• [What to produce]:
Return, without pictures, the lines from the start of the data through the one that contains "When comparing the".

-=-=-

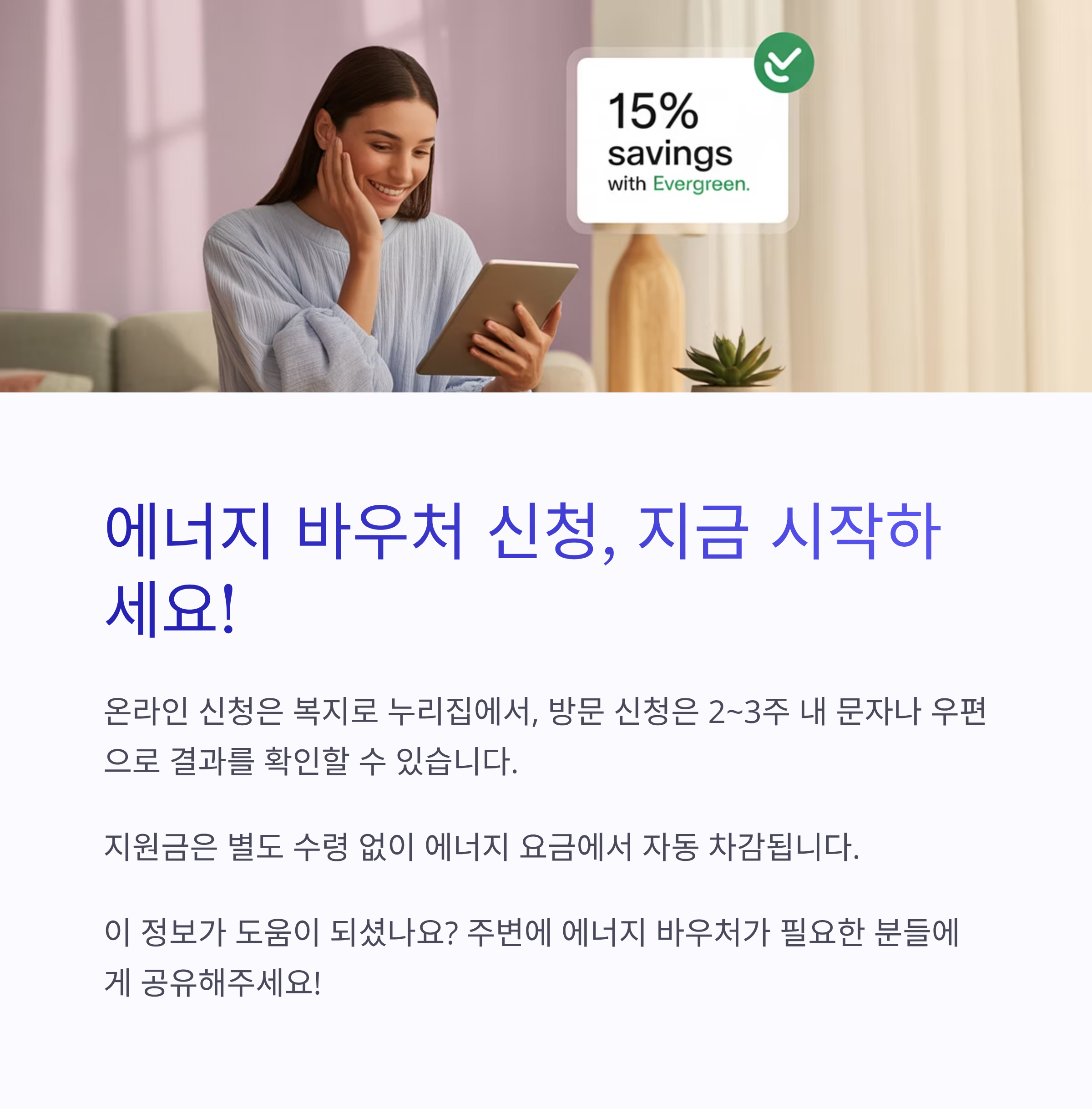 지원금은 별도 수령 없이 에너지 요금에서 자동 차감 방식으로 적용됩니다.
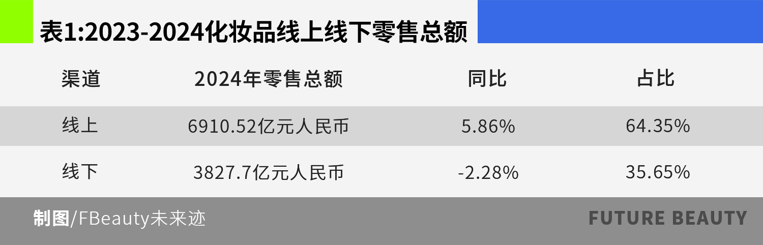 根据中国香妆协会产业研究中心统计,2024年线下渠道化妆品零售总额为3827.7亿元,同比下滑2.28%。占2024年化妆品线上线下全渠道零售总额的35.65%。
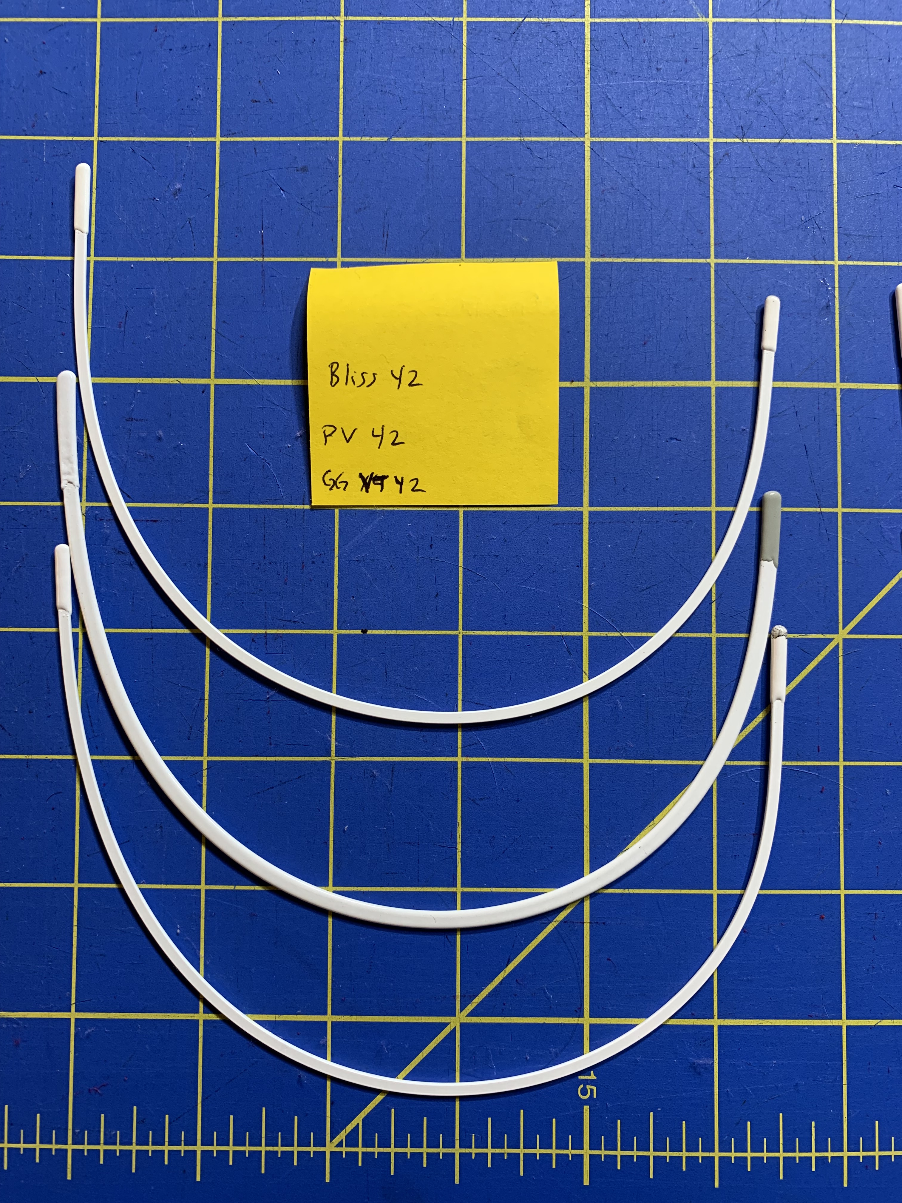 When comparing the root trace to the first wires I used on the early Ruby Bras I made, you can see the 46WL is much wider than the root trace, and even the 44 is really wide in comparison:
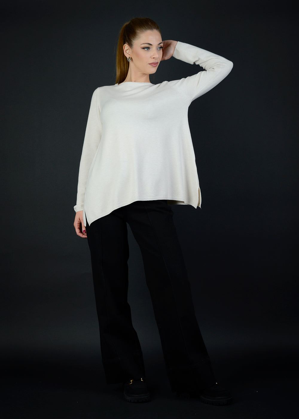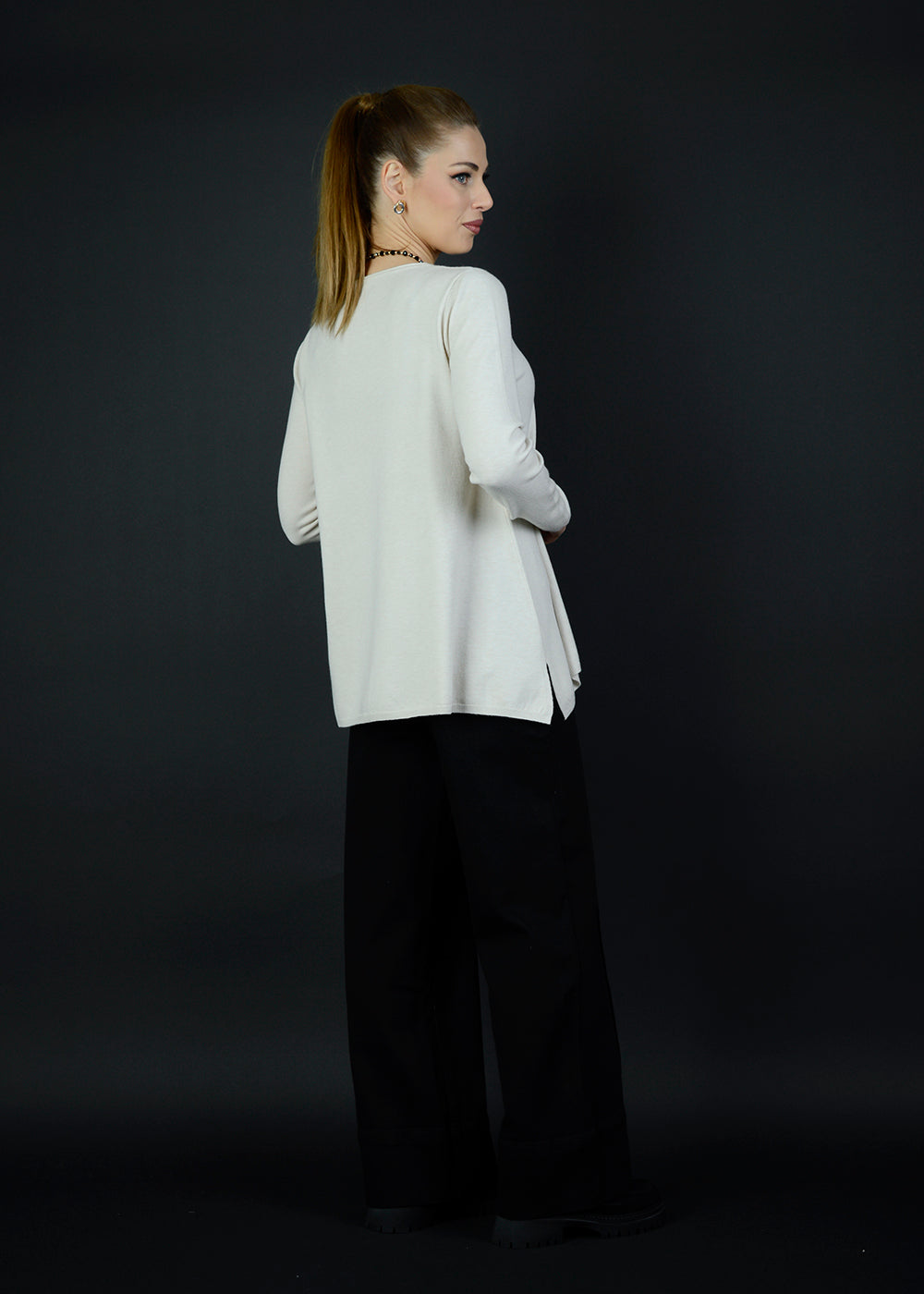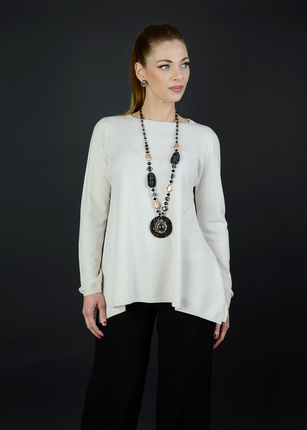 Блуза с изчистен дизайн и разширение в областта на ханша, което осигурява свобода на движение и балансира визията. Моделът пада меко по тялото без да очертава.
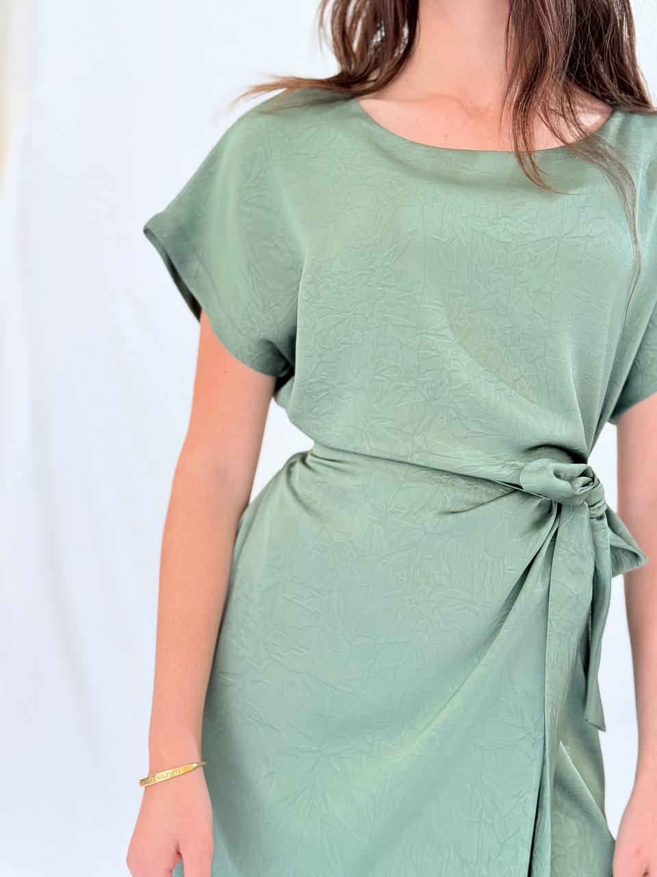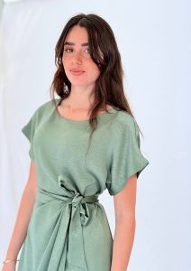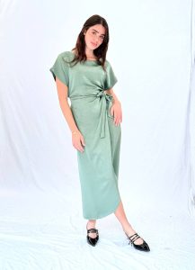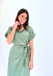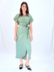 שמלת מידי מבד סאטן עם ברק עדין, גזרה מחמיאה וקשירה במותן למראה מעטפת נשי.
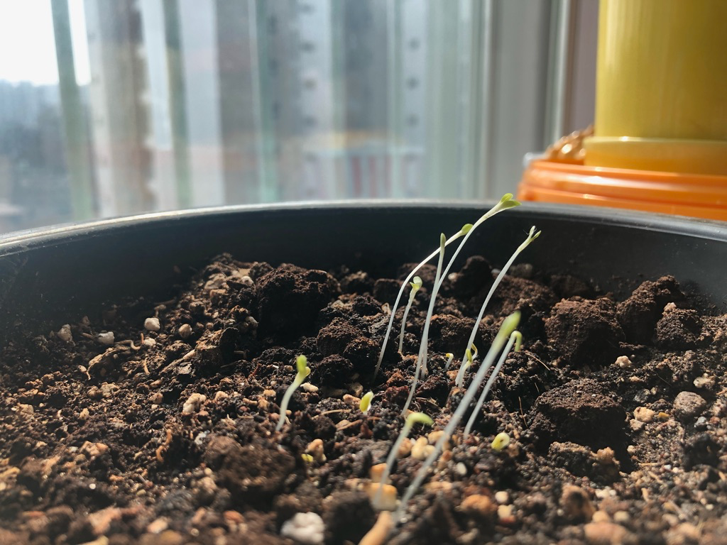 다이소에서 사 온 씨앗이 싹을 틔웠습니다. 아이들이 상추랑 딸기 씨앗을 막 뿌려서 무슨 싹인지는 잘 모르겠습니다. 아마 상추가 아닐까 싶은데 좀 더 크면 뭔지 알 수 있겠죠.

-=-=-

• [Task solution]:
 지원금은 별도 수령 없이 에너지 요금에서 자동 차감 방식으로 적용됩니다.
 根据中国香妆协会产业研究中心统计,2024年线下渠道化妆品零售总额为3827.7亿元,同比下滑2.28%。占2024年化妆品线上线下全渠道零售总额的35.65%。
 When comparing the root trace to the first wires I used on the early Ruby Bras I made, you can see the 46WL is much wider than the root trace, and even the 44 is really wide in comparison:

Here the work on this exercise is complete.